One night last week, I celebrated my birthday at the Volks Tavern, a small club on the colonnade at Madeira Drive, near Brighton Pier. It is named after the light railway that runs nearby, and is one of the most laidback, intimate venues in the city.
One of my oldest friends, Stephen Silverwood, founded Refugee Radio in 2008. I’ve listened to a few of their weekly broadcasts on the local and online Brighton station, Radio Reverb, interviewing refugees and asylum seekers living in the area.
What struck me, while listening to the early shows, was how much more diverse are the stories of so-called ‘ordinary people’ than those of celebrities that the mainstream media tends to focus on. It’s often said that there aren’t enough positive role models in public life, and perhaps this is because some of the people we can most readily identify with and learn from are not necessarily rich or famous, but living within our own communities.
Refugee Radio’s expressed aim is to ‘give a voice to those who do not have one, through media, communications and social events.’ Service users have been able to attend radio workshops, as well as performing at roadshows with their own bands, or as part of a growing orchestra.

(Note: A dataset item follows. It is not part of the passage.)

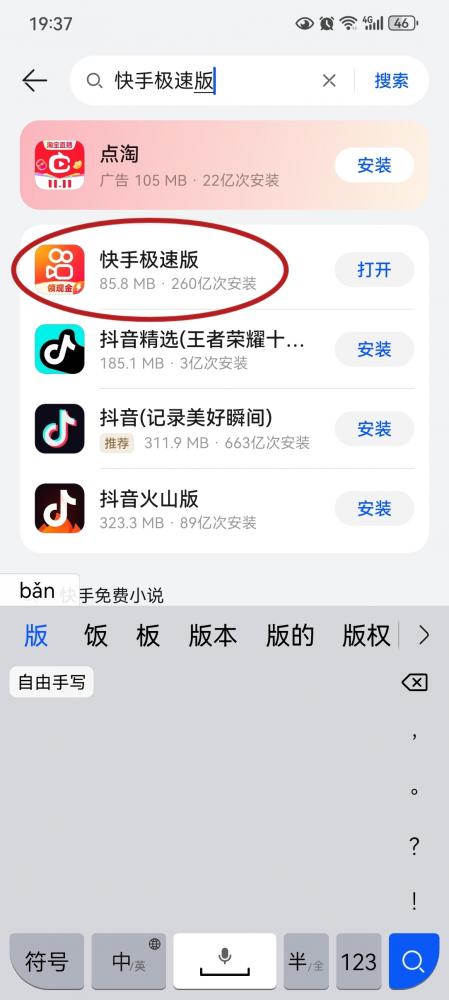 应用商店下载[快手极速版],手机号登录。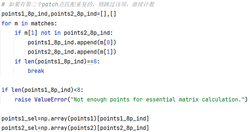 对于得到的1000个角点,需要计算特征矩阵以进行特征点的匹配,注意不是说这两张图片的1000个点一定是完全一一对应,而且我们在第4部分只需要8个特征点对,因此在双for循环匹配完成后,我们根据ssd的指标取匹配度最高的8个单射作为匹配区域。

Support was provided by The Cornerstones, a semi-acoustic, Burundi-influenced band whose repertoire includes the lovely ‘She’s Gone Back to Her Roots’. Headliners Bakk Lamp Fall are a Senegalese fusion collective, with a driven, hypnotic sound. Meanwhile, DJs from Radio Reverb and the Refugee Radio Orchestra played sets in the basement.

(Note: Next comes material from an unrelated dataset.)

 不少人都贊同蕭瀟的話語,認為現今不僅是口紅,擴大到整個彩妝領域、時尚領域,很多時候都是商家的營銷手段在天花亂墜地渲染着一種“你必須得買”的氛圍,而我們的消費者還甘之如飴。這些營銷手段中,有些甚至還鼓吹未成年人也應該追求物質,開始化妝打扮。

‘The music scene in Brighton sometimes doesn’t feel representative of all the people I see in the city,’ Stephen Silverwood told the Evening Argus earlier this month, adding, ‘I’d like to see that change.’
Last week I was lucky enough to see Refugee Radio take a step in the right direction, and with more ambitious projects to come – a documentary currently being filmed, and hopes for a record label – the future looks bright.